Policy Number: 149
Fund Accounting Structure
I. POLICY AND GENERAL STATEMENT
As an institution of higher education, The University of Texas Health Science Center at Houston (“university”) utilizes fund accounting. Account managers and those responsible for processing transactions must have a basic understanding of the fund accounting structure used by the university and the different fund groups. Supervisors of account managers and of employees who process transactions must provide these employees with a copy of this policy and ensure the employees have a basic understanding of the information within the policy prior to allowing the employees to complete any transactions within the university's financial management system.
Funds received from the State of Texas are available for any purpose that is in direct support of the university in accordance with the regulations set forth by the Texas legislature via statute and appropriation bill, and by the Office of the Comptroller of Public Accounts. Funds received from the State of Texas are referred to as state funds or general funds. Auxiliary enterprise funds are generated by operating entities within the university that furnish services as a convenience to students and employees, and that charge fees directly related to the cost of the services.

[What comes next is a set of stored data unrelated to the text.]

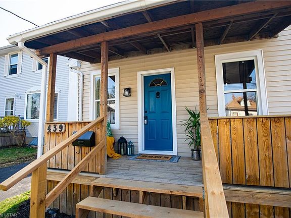 Welcome to 439 Spruce Street, the cutest east end bungalow! Located on a dead end street close to all amenities, schools and parks. This gorgeous home offers 2 bedrooms, 1 bath and has been transformed and is ready for its next owner to enjoy. Brand new flooring throughout, updated bathroom, kitchen, newer fridge and BRAND NEW gas stove, chic new lighting in all rooms, fresh crisp white paint throughout, newer furnace, newer roof and vinyl windows. The dining room features an electric fireplace and walkout to the back deck and patio space. The backyard is huge and fully fenced, ready for you to enjoy this summer! Downstairs you will find a full height, unfinished basement, perfect to set up a workshop area and ample storage space. This is THE perfect starter home for a new buyer, or place to downsize (think condo alternative) but still have a sizable private yard to enjoy.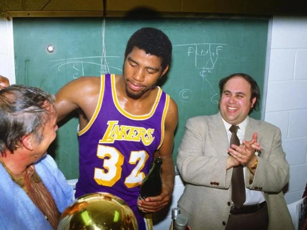 魔术师在1979年被湖人用状元签拿下,新秀赛季他在常规赛期间的数据表现并不炸裂,场均贡献18.0分、7.7篮板和7.3次助攻,不过凭借他出色的球技和领导能力还是赢得了湖人球迷们的喜爱,同时入选了最佳阵容一阵。到了季后赛,魔术师约翰逊才认真起来,和天勾贾巴尔一起带着湖人直奔总决赛,当湖人和76人在总决赛鏖战5场后,打成3-2时,贾巴尔伤退,魔术师约翰逊一人带着湖人打G6,约翰逊更是史无前例地从控卫改打中锋,此役,他一人砍下42分15篮板7助攻3抢断的历史级数据,并率领湖人夺冠,拿到FMVP,一战封神!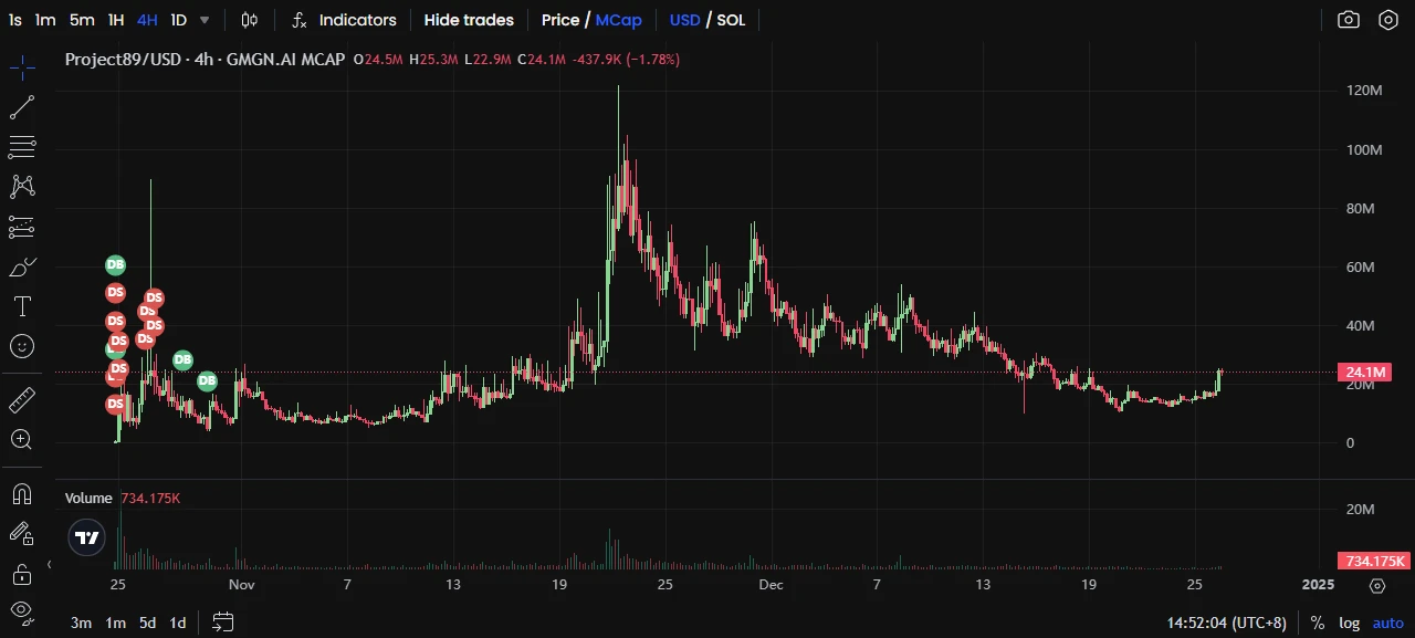 据 GMGN 数据 , Project89 市值从最高短时突破 1 亿美元,目前市值 2400 万美元。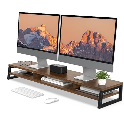 Der Fenge Dual Monitorständer Riser ist eine großartige Lösung, um Ihren Arbeitsplatz zu organisieren und Ihren Komfort zu maximieren. Mit einer Größe von 108cm bietet dieser Computer Bildschirmständer genügend Platz für zwei Monitore, Laptops, Faxgeräte, Drucker oder sogar einen Fernseher. Der Schreibtisch Organizer kann bis zu 45KG tragen, was bedeutet, dass Sie sich keine Sorgen um die Stabilität machen müssen.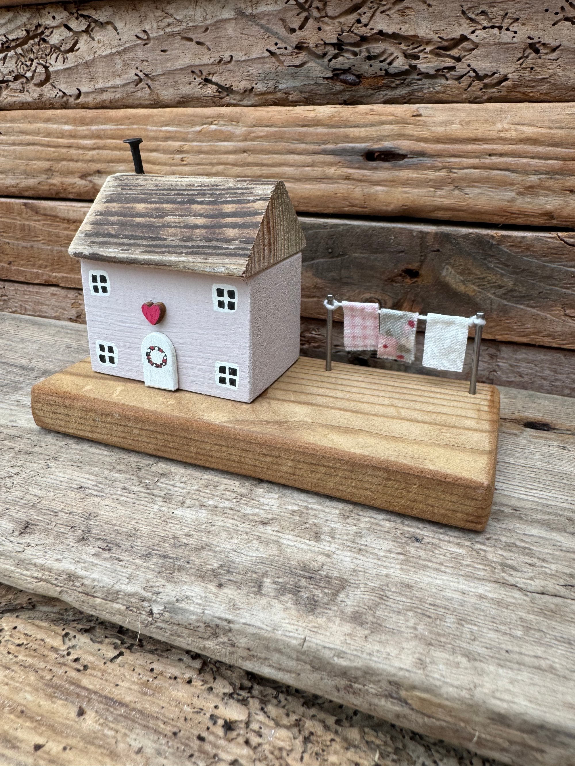 Pale pink cottage with bright pink heart over the front door and a pretty washing line
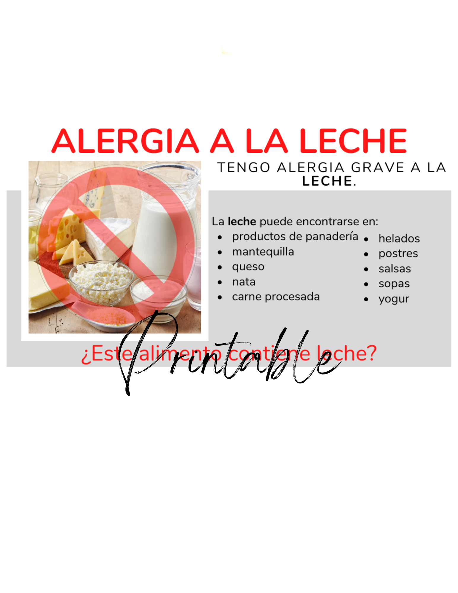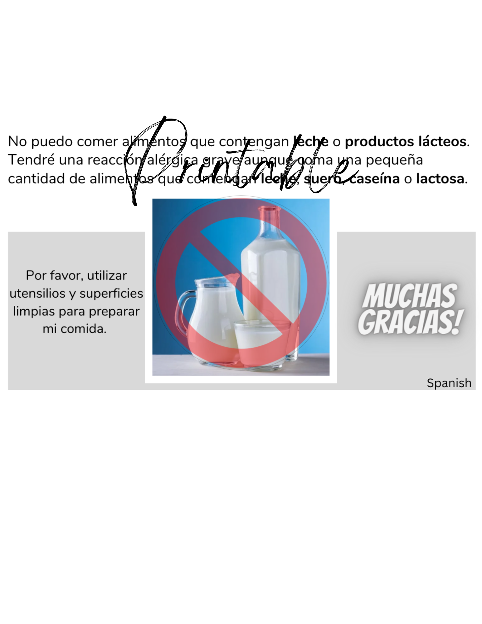 Spanish Milk Allergy Card - Printable Allergy Translation Card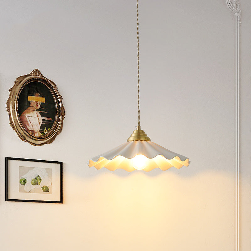 All-Copper Ceramic Floral Pendant Light – Japanese Vintage Chandelier for Bedroom Bedside, Retro Rice-Hat Dining & Bar Table Lam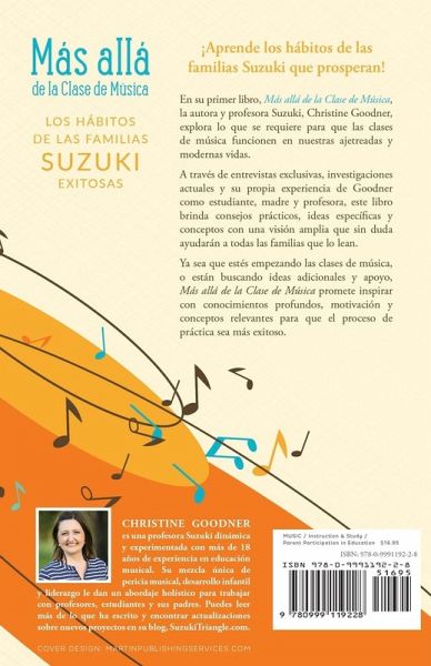 ¡Aprende los hábitos de las familias Suzuki que prosperan! En su primer libro, Más allá de la Clase de Música, la autora y profesora Suzuki, Christine Goodner, explora lo que se requiere para que las clases de música funcionen en nuestras ajetreadas y modernas vidas. A través de entrevistas exclusivas, investigaciones actuales y su propia experiencia de Goodner como estudiante, madre y profesora, este libro brinda consejos prácticos, ideas específicas y conceptos con una visión amplia que sin duda ayudarán a todas las familias que lo lean. Ya sea que estés empezando las clases de música, o están buscando ideas adicionales y apoyo, Más allá de la Clase de Música promete inspirar con conocimientos profundos, motivación y conceptos relevantes para que el proceso de práctica sea más exitoso.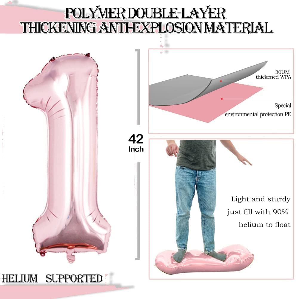 GOER Rose Gold Foil Balloons Number 1,Huge Number Balloons for 1st 11st Birthday Party Supplies Anniversary Decorations(3 pcs,42 inch,32 inc,16inch)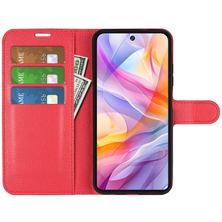 Funda de Cuero para ZTE Blade V70 Vita con Tapa Horizontal, Textura de Lichi y Soporte (Rojo)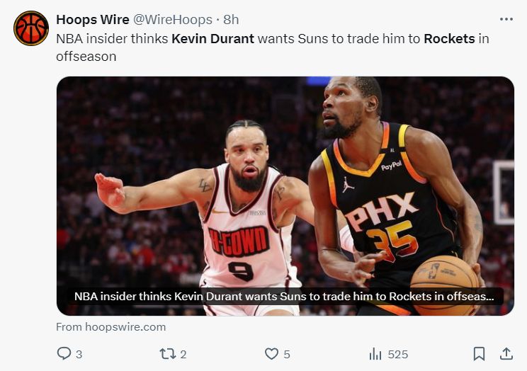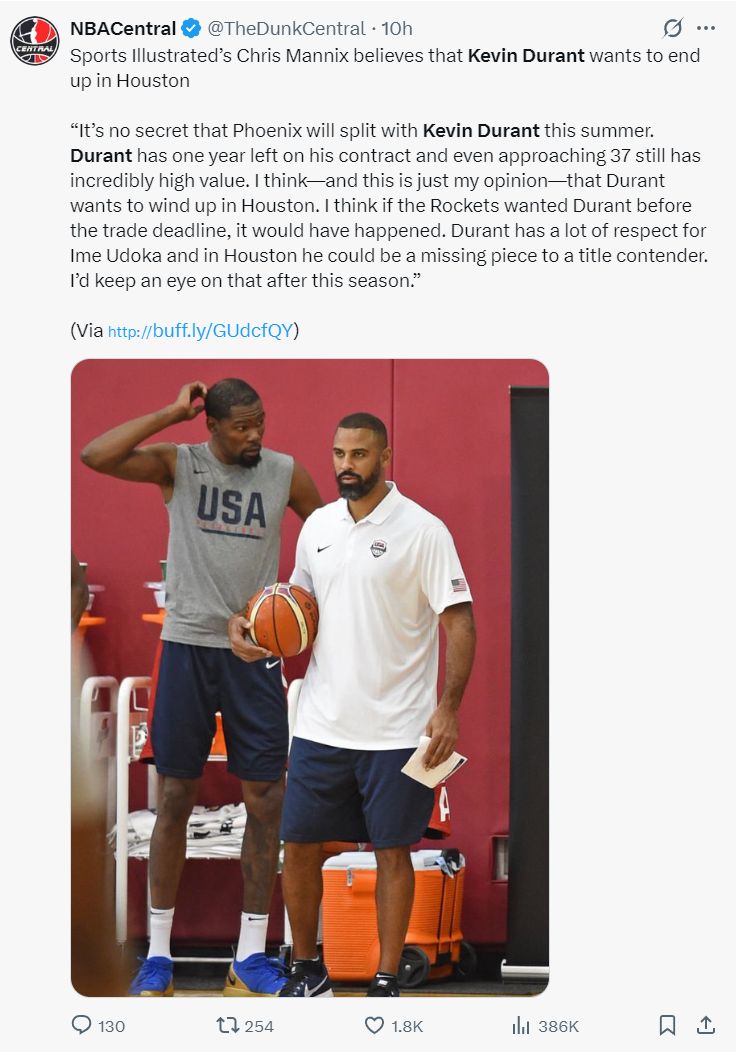 赛前,NBA记者克里斯-曼尼克斯曝出惊天猛料——杜兰特希望在今夏加盟火箭队,所有人都知道今夏太阳与KD会分道扬镳,杜兰特合同只剩一年,虽然他已经37岁高龄可状态保持不错,杜兰特很喜欢乌度卡,他会成为乌度卡阵容中的夺冠拼图,而双方已经谈妥,这件事早已成为定局。

Designated funds are funds that have been internally designated for specific activities. Service departments are part of the designated fund group. They result when routine goods and services are provided by university service departments to other university departments.
Restricted funds are received from outside entities that have placed certain restrictions on the use of these funds. Examples include federal, state, and/or local governmental agencies, private sources and income from endowments.
Loan funds have been set aside for granting loans to students and include interest earned thereon.
Agency funds are received and held by the university as custodian or fiscal agent for others. Agency funds shall be expended in accordance with the limitations of the agency agreement.
Endowment funds are funds that donors have stipulated as a condition of the gift: the principal is to be maintained inviolate in perpetuity or, in the case of "term" endowments, is to be maintained inviolate for a specified term.
Quasi-endowment funds function as endowments. They are originated from current funds and differ from endowments in that they can be returned to the original funding source.
Unexpended plant funds are specified for the acquisition, construction, or improvement of physical properties to be used for institutional purposes.
Funds invested in capital assets, regardless of funding source, are recorded in the investment in plant fund group.